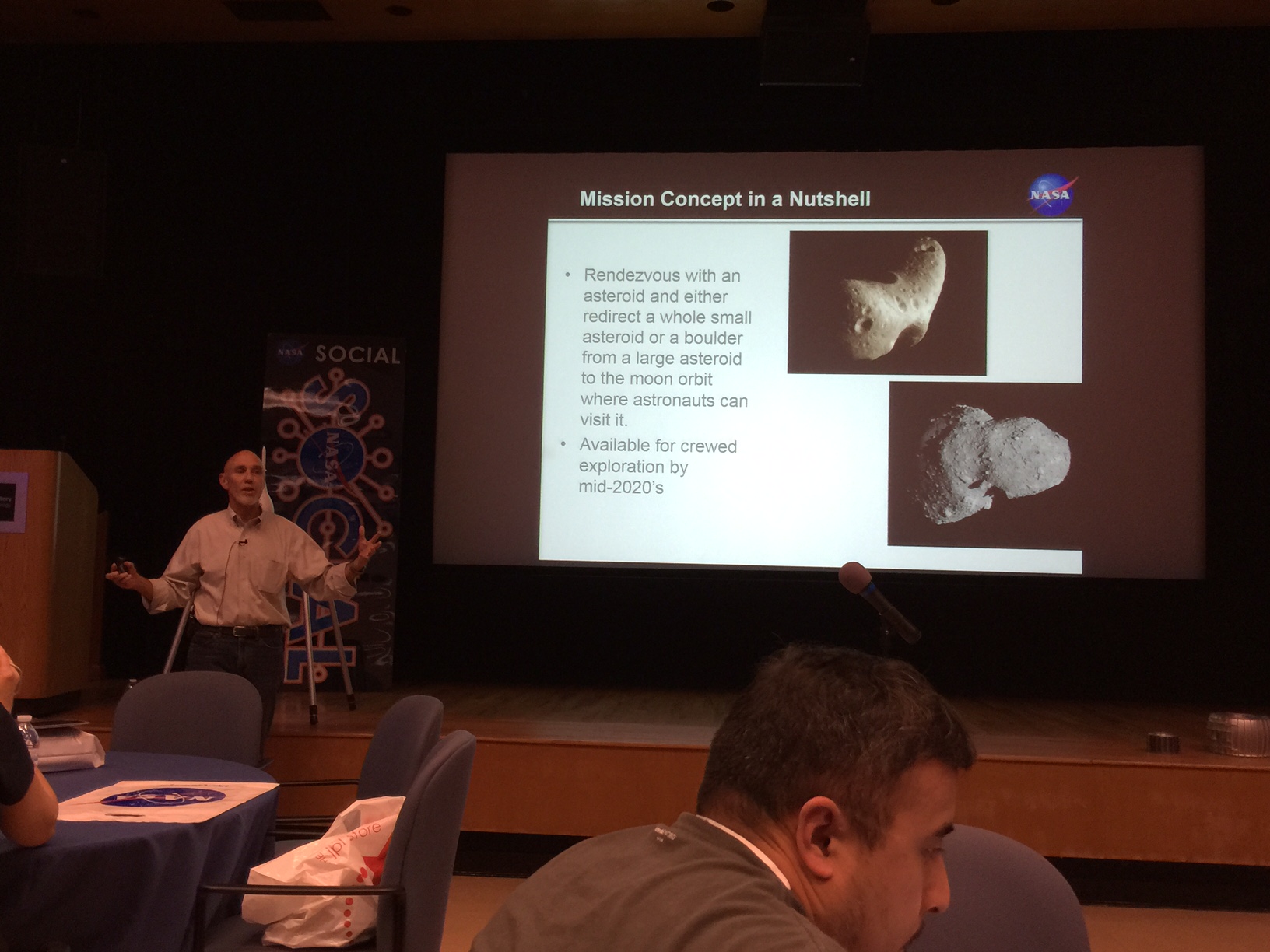 Brian Muirhead is JPL’s Chief Scientist. He spoke about NASA’s planning for a mission to use robots to go snare an asteroid, haul it into orbit around the moon, and then use Orion to take astronauts out to examine it and bring back samples.
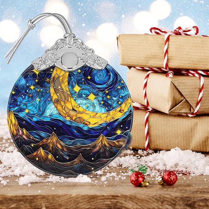 Retro Moon Star Stained Glass Hanging Ornament - Christmas Tree Decoration, Holiday Ornament, Gift Idea
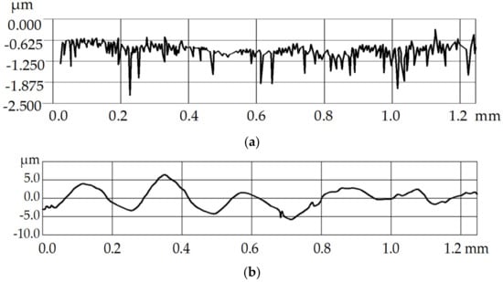 Two surfaces obtained after (Figure 5a) finishing operations of rolling and (Figure 5b) fine-turning, with the formation of a regular microrelief, were compared. These were typical working surfaces of hydraulic and pneumatic cylinder liners and other parts, which are extremely hard to machine using traditional methods because of their design features.
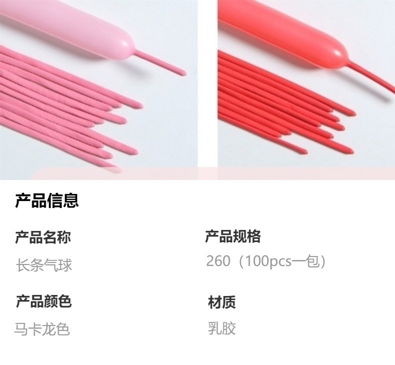 长条乳胶气球默认100个一包,OPP包装,更换其他包装请联系客服。
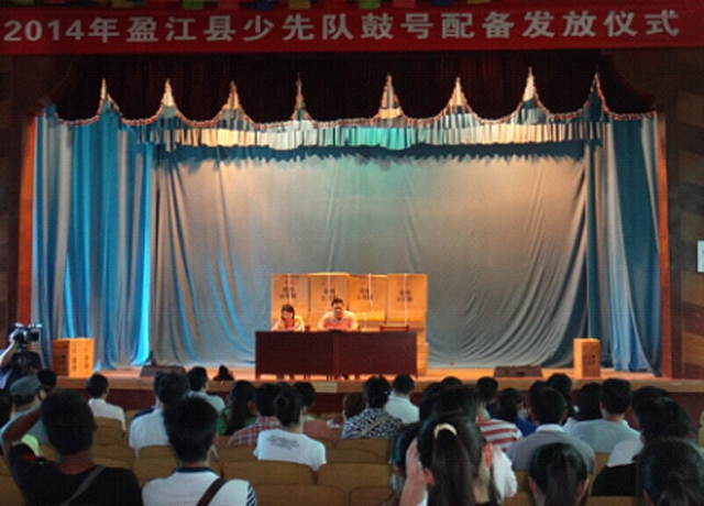 9月26日下午,在盈江县委小礼堂举行了2014年盈江县少先队鼓号配备发放仪式。团县委书记罗祥兆,盈江县72所完全小学的校长和大队辅导员参加了发放仪式。
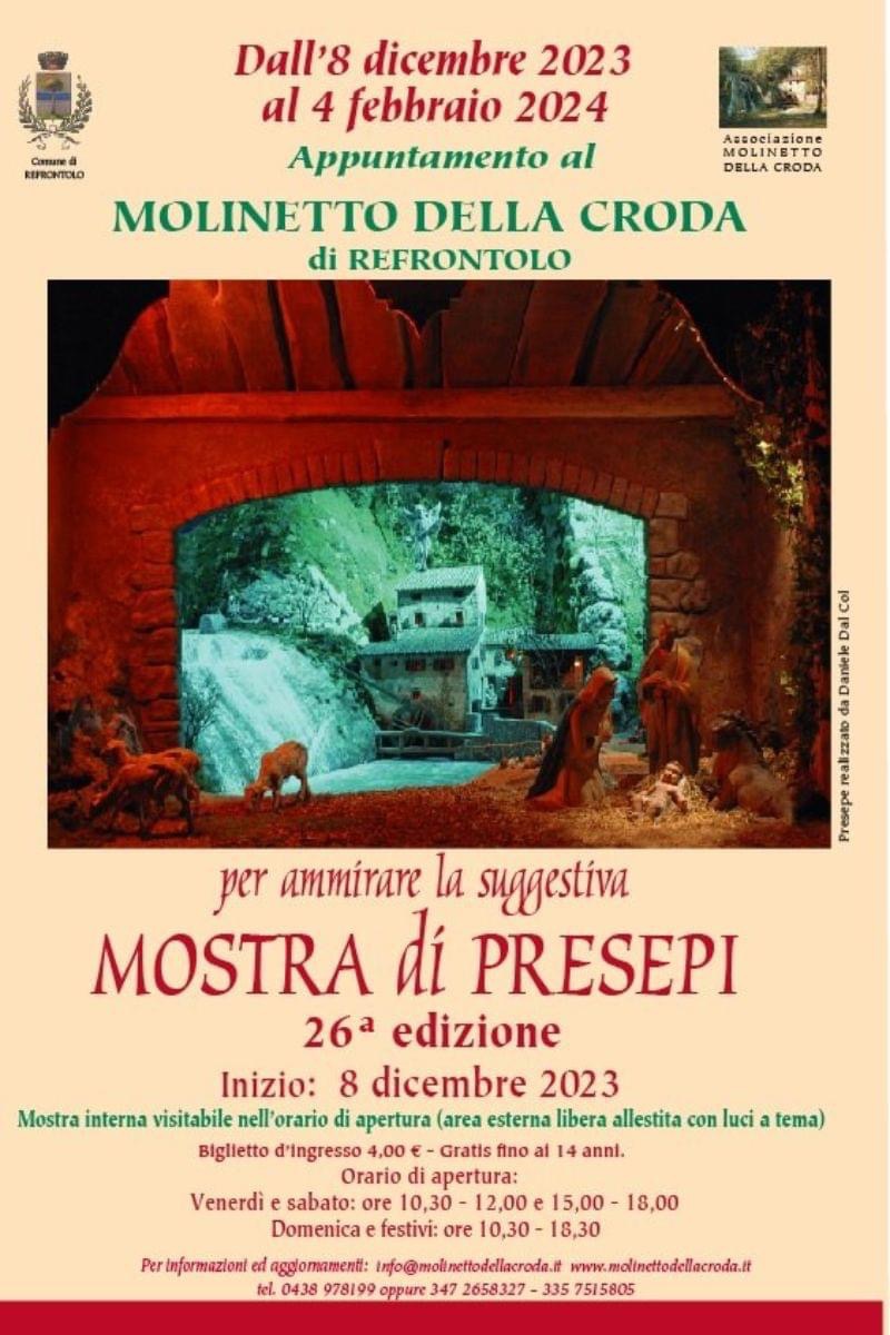 L’Associazione Molinetto della Croda con il patrocinio del Comune di Refrontolo vi invita per ammirare la suggestiva 26ª Mostra di Presepi presso il Mulinetto della Croda.
------------------------
● Work to complete:
Could you copy the listing above exactly, without its pictures?

● Task solution:
 Brian Muirhead is JPL’s Chief Scientist. He spoke about NASA’s planning for a mission to use robots to go snare an asteroid, haul it into orbit around the moon, and then use Orion to take astronauts out to examine it and bring back samples.
 Retro Moon Star Stained Glass Hanging Ornament - Christmas Tree Decoration, Holiday Ornament, Gift Idea
 Two surfaces obtained after (Figure 5a) finishing operations of rolling and (Figure 5b) fine-turning, with the formation of a regular microrelief, were compared. These were typical working surfaces of hydraulic and pneumatic cylinder liners and other parts, which are extremely hard to machine using traditional methods because of their design features.
 长条乳胶气球默认100个一包,OPP包装,更换其他包装请联系客服。
 9月26日下午,在盈江县委小礼堂举行了2014年盈江县少先队鼓号配备发放仪式。团县委书记罗祥兆,盈江县72所完全小学的校长和大队辅导员参加了发放仪式。
 L’Associazione Molinetto della Croda con il patrocinio del Comune di Refrontolo vi invita per ammirare la suggestiva 26ª Mostra di Presepi presso il Mulinetto della Croda.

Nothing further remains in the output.